OI = (0.6 × 20 × 100)/85 = 14.11

OSI = (0.6 × 20 × 100)/98 = 12.24

P/F ratio = 85/0.6 = 141.66

This patient has moderate ARDS. 

Please note that a patient needs to have an arterial line to measure PaO2, as it represents the partial pressure of oxygen in the arterial blood. For those who do not have an arterial line, the S/F ratio and OSI should be calculated. 

Go to Acute Respiratory Distress Syndrome and Barotrauma and Mechanical Ventilation for complete information on these topics.



ARDS follows a cascade of events after direct pulmonary or systemic insult resulting in the disruption of the alveolar-capillary unit. The pathophysiology of ARDS is complex and multifaceted involving 3 distinct components: (1) nature of the stimulus, (2) host response to the stimulus, and (3) the role of iatrogenic factors. To understand this complex process, it is important to understand the physiology and functional anatomy.

Physiology and functional anatomy

Human lung development begins with 50 million alveoli in the neonatal lung and completes with 500 million alveoli and approximately 50 m2 of surface area in an adult lung. A substantial part of alveolarization occurs during the first 2 years of life. The normal alveolar epithelium is comprised of two distinct types of cells. Type I alveolar cells are flat, account for 90% of the alveolar surface area and are covered with a thin layer of alveolar lining fluid. They participate in the gas exchange and are exposed to very high oxygen concentrations. Thus, they are vulnerable to oxidative injury, but recent literature suggests that type I cells may have an active system against the oxidative stress. They are end cells because they are incapable of proliferation and differentiation. They actually arise from type II cells. Type II alveolar cells are cuboidal or rounded cells that account for the remaining 10% of alveolar surface area and are resistant to injury. They do not participate in the gas exchange but are involved in surfactant production, ion transport, and other pulmonary defense mechanisms. [8, 9, 10, 11, 12, 13]

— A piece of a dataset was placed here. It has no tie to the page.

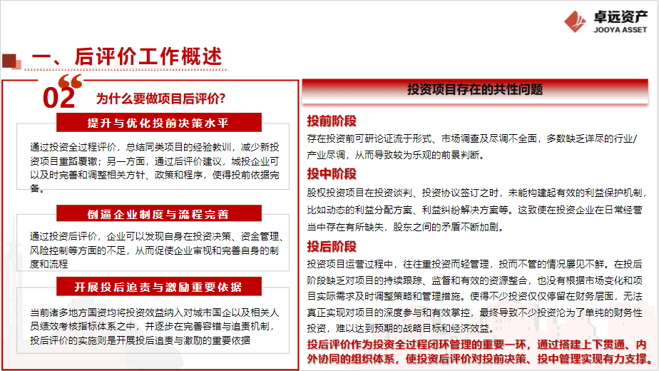 本次培训从投资管理和投后评价工作两个维度出发,系统梳理了各环节的常见问题,并提出具有实操性的改进建议,助力企业提升投资管理效能与后评价质量提升。

Alveolar epithelium and pulmonary microvascular endothelium create a two-layered alveolar-capillary barrier. This barrier serves the function of gas exchange, maintains the integrity of pulmonary morphology and protection from external injury. Disruption of this barrier results in increased permeability, influx of protein rich edema fluid into the alveolar sacs, dysfunction of surfactant production, and defective ion transport leading to impaired fluid clearance from alveolar cells. These changes are the hallmark of ARDS pathophysiology and are accompanied by dysregulated inflammation from dysfunctional leukocytes and influx of pro-inflammatory cytokines like interleukins and tumor-necrosis factor. The role of neutrophils in this mechanism is controversial. Animal models have favored both neutrophil dependent and neutrophil independent lung injury. It is also unclear if neutrophilic inflammation is the cause or the result of lung injury. Dysfunction of platelets and coagulation cascade results in microvascular thrombosis and capillary occlusion. [8, 9, 10, 11, 12, 13]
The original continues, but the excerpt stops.